Wednesday, October 17, 2007

IEA Energy Policy DK 06, UK 06, SP 05, JP 03

Denmark (2006)
Renewable energy section of this report VERY pro-market. Despite the previous meteoric rise of wind power under FITs and almost complete stagnation under new, more market-based regime, the authors commend the new approach. Box on Vestas, however, attributes rise of company to domestic demand created by financial incentive policies. New system is confusing and applies different rules to turbines depending on when they were installed, but upshot is that premium is now less than it used to be. Clearly not high enough for new turbines to support market introduction. Lots of information on cost, including a table on p. 104 comparing renewables support in DK, FR, DE, and SP. Renewable energy now supported through a Public Service Obligation (like a public benefits fund) that assesses a surcharge on electricity purchased. Study by Denmark's Economic Council in 2002 concluded that all the RE investment in the 1990s was actually a negative social cost, even after attributing relatively high costs to CO2. Discusses high costs of grid integration; reliance on other forms of electricity and power from other countries to balance intermittant RE supply.

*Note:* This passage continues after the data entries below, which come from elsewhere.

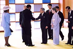 第3回アフリカ開発会議に出席する各国首脳夫妻とお会いになる天皇皇后両陛下(宮殿)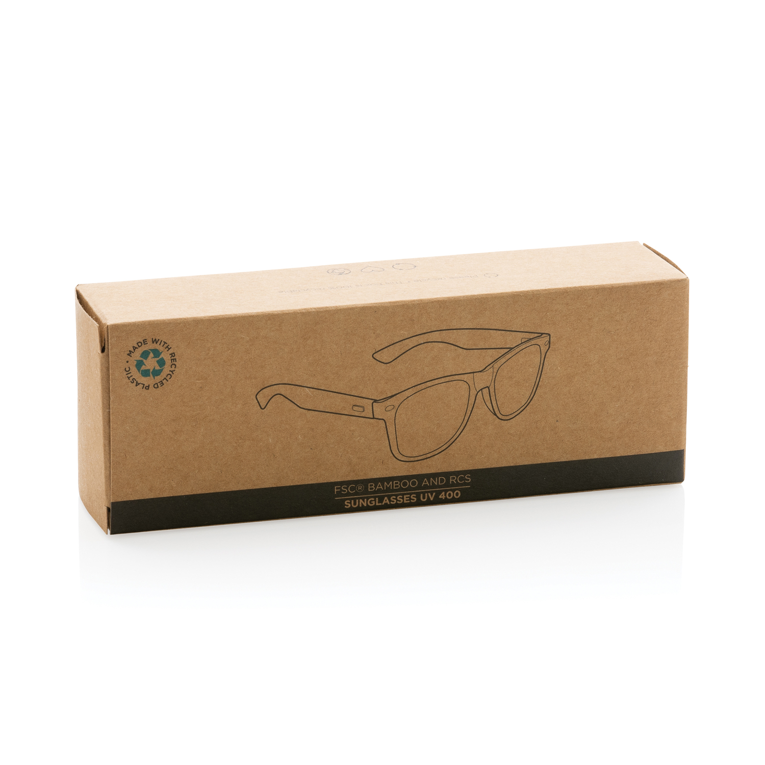 Стильные очки классической формы выполнены из экологичных материалов: переработанного пластика и бамбука FSC® (древесина, заготовленная без ущерба диким лесам). Сертификация RCS обеспечивает полный контроль цепочки поставок переработанных материалов. Содержание вторичного сырья: 41% от общего веса изделия. Линзы из акрила соответствуют требованиям EN ISO 12312-1, UV 400 и CAT 3. Поставляются в крафт-конверте FSC®.
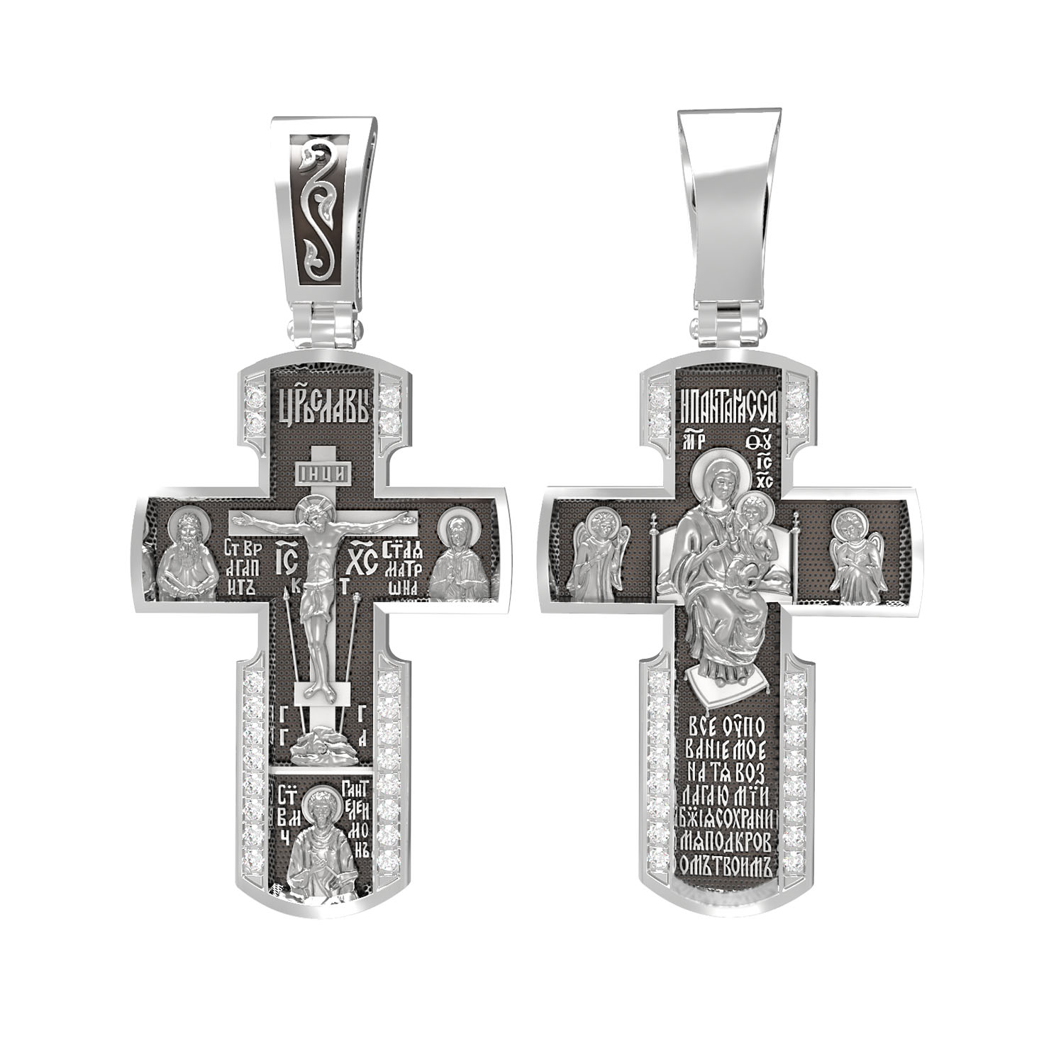 На лицевой стороне креста изображено Распятие Иисуса Христа на Голгофском Кресте, над вершиной которого помещена надпись «Царь Славы». Справа от Распятия помещен образ прославленной святой блаженной Матроны. «Матронушка», — ласково называют эту святую православные за удивительную любовь и помощь, которую она подает всем нуждающимся в ее поддержке. Слева — икона прп. Агапита. Этот святой жил в пещерах Киево-Печерского монастыря в XI веке и бескорыстно врачевал мирян и монахов.

Shows high costs of CO2 reduction through RE (PV esp) compared to efficiency and CHP. Report says that government hasn't committed to RE targets, but I thought I read somewhere that they had. Offshore wind, unlike onshore, part of competitive tender syste with predetermined tariff for 12 years. Government also supports decommissioning of older, smaller turbines, and report expects lots of decommissioning in end of 2009, when this program expires, since the owners of older turbines can get higher premium until then.

Spain (2005)
Spain's renewables primarily from large hydro, but wind growing rapidly, and plans for expansion of small hydro, solar, biomass. Low heating requirements and high penetration of CHP leave little room for expansion of RE into heat. Growing demand for electricity swamping gains of RE. Report reviews status in achieving goals of Plan for Promotion of RE in Spain (2000-2010). Wind has exceeded goals, but sm hydro, solar, and bio-energy all falling behind targets. Says regulated price, calculated on basis of market price, may become too high when cost of CO2 incorporated in market price unless calculation method changed. Gov't can change premium amt in annual review, which creates uncertainty for RE operators. New method for calculating premium: can either sell to distributor for premium that is fixed % of avg electric rate or sell to market at market price + incentive for market participation + premium. Generators who opt for new system can switch to old after one year if they prefer. Mentions preferential tax treatment for RE, but no specifics. Direct support include new building regulations (including mandatory solar water heating systems), R&D. Says "public subsidies are oriented to the interest rates...[for] renewable energy projects and efficiency projects." Also, "the subsidy has led to private investment of about five times the subsidy volume." Recommends, as usual, more market determination. Fair point that FIT/premium scheme should apply for predetermined time, so projects aren't subsidized past point of amortization. Suggests green certs scheme.

UK (2006)
Low levels of RE but rapid growth. Describes Renewables Obligation (RO) system; table on p. 96 with supplier obligation levels. Since program started, the obligation has yet to meet target; consequently, ROC prices are high. UK Energy Review report of July 2006 recommended technology banding, removing risk of oversupply of ROCs (how? - perhaps by maintaining obligation levels above actual level of RE production), removing increases of buy-out price with inflation after 2015 (bad!). Capital grants for offshore wind and biomass. Capital grants, R&D money, demonstration programs for PV. Obligation for RE in transport fuel beginning April 2008, plus already-existing tax incentives. Assessment: ROC not yet generating RE intended, not keeping costs down for consumers, more expensive per unit of CO2 reduced than efficiency. Recommends looking to Australia and Sweden for good cert schemes. For siting/planning issues, recommends looking at Denmark example, where citizens own shares in turbines.

Japan (2003)
Japan not ideal for wind, since resources relatively low, space is scarce, and grids not set up for it. Leads world in PV production and is second in PV power generation; about 1.5 times cost of wind energy in Europe and US. Documents cost decline of 260yet per kWh in 1993 to 66yen per kWh in 1999. Discusses policies to promote RE very vaguely. Says RPS adopted in 2002, launched in April 2003 is most significant policy. Quite similar to UK, but non-compliance fines high (up to 1 million yen). Budget for promotion of "new energy" (excludes large-scale hydro and geothermal) doubled from 1997-2002. In 2002, 38.8 billion yen spent on technology development, 10 billion on demonstration, 96.1 billoion on promotion of introduction. In critique section, "Its [RPS] pitfall is that it maximises short-term benefits at the cost of the development of technologies and energies which may be more promoising in the longer term." Recommends enhanced R&D and demonstration funds.